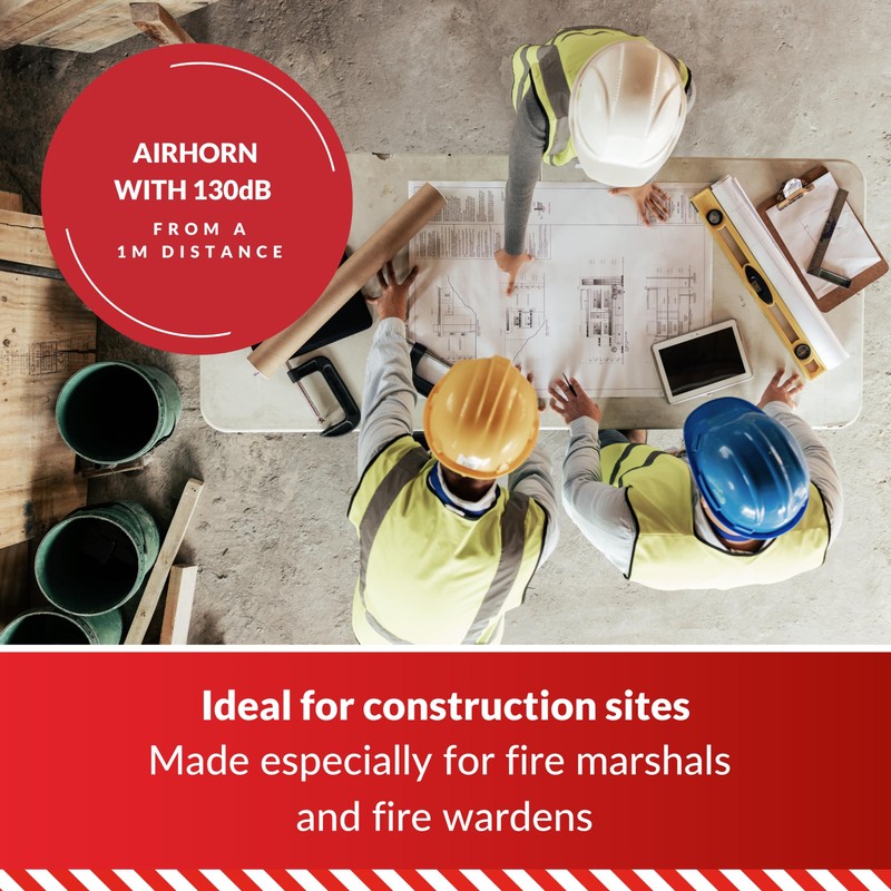 - GAS AIR HORN FOR CONSTRUCTION SITES & POP-UP EVENTS: Raise the alarm and cut through the noise with an air horn that produces a 110dB sound at a 2-metre distance. Gas air horns provide a loud and reliable form of alarm. Simply press the horn down to release the gas and sound the alarm. These horns are ideal for large or noisy temporary spaces such as building sites as well as short-term workplaces like expos or conventions.
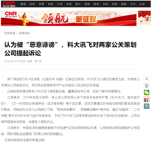 科大讯飞高级副总裁、董事会秘书江涛表示,2018年底至今年初,有公关公司在网上多个资讯平台发布扩散《科大讯飞:裁员进行时》、《又一科技巨头跌落神坛!这次是安徽》等不实文章,这些文章通过对来自互联网的匿名信息进行聚合,并糅合科大讯飞公司股价下跌、“同传误读事件”、“观塘基地事件”等内容,通过“标题党”、“二次洗稿”等方式对科大讯飞进行抹黑攻击,干扰了科大讯飞正常经营活动并形成了恶劣的社会影响,公司为维护自身合法权益,向侵权人提起诉讼。目前,相关案件法院已经正式立案,案件具体细节暂不方便透露。
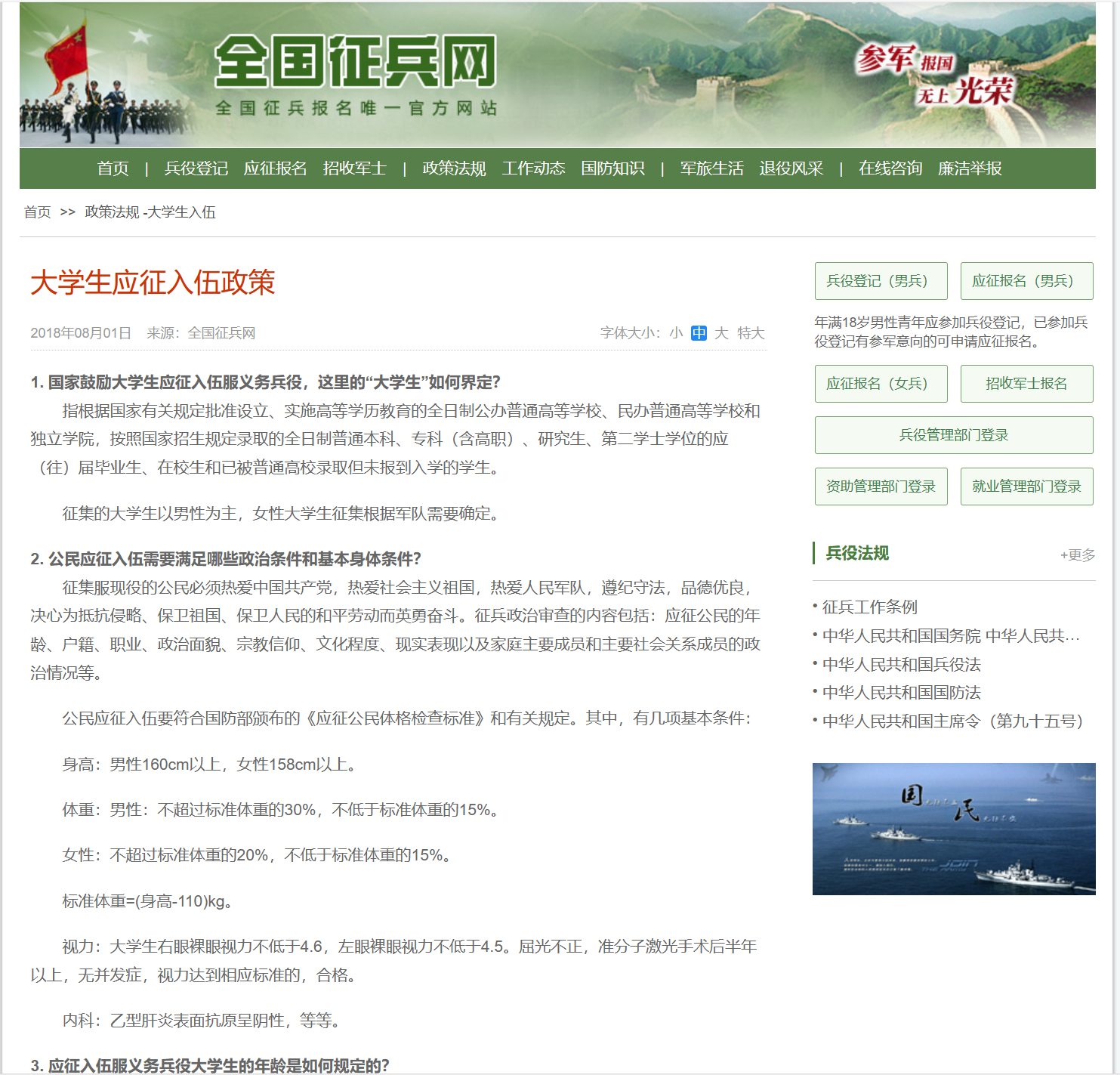 党的十八届以来,一系列涉及军人地位和权益保障的法规政策密集出台、配套完善,军人成为全社会尊崇的职业。2017年9月,习近平总书记给南开大学8名新入伍老员工回信,激发了适龄青年听从祖国召唤、投身绿色军营的极大热情。广大青年特别是在校老员工积极响应号召,到军营建功立业,把参军入伍作为报效祖国的实践路径,在兴军报国中唱响青春之歌。

— How to complete this task —
Your answer should consist solely of the lines from the line with "科大讯飞高级副总裁、董事会秘" to the final line of the listing, set down word for word, pictures omitted.

— Output for this task —
 科大讯飞高级副总裁、董事会秘书江涛表示,2018年底至今年初,有公关公司在网上多个资讯平台发布扩散《科大讯飞:裁员进行时》、《又一科技巨头跌落神坛!这次是安徽》等不实文章,这些文章通过对来自互联网的匿名信息进行聚合,并糅合科大讯飞公司股价下跌、“同传误读事件”、“观塘基地事件”等内容,通过“标题党”、“二次洗稿”等方式对科大讯飞进行抹黑攻击,干扰了科大讯飞正常经营活动并形成了恶劣的社会影响,公司为维护自身合法权益,向侵权人提起诉讼。目前,相关案件法院已经正式立案,案件具体细节暂不方便透露。
 党的十八届以来,一系列涉及军人地位和权益保障的法规政策密集出台、配套完善,军人成为全社会尊崇的职业。2017年9月,习近平总书记给南开大学8名新入伍老员工回信,激发了适龄青年听从祖国召唤、投身绿色军营的极大热情。广大青年特别是在校老员工积极响应号召,到军营建功立业,把参军入伍作为报效祖国的实践路径,在兴军报国中唱响青春之歌。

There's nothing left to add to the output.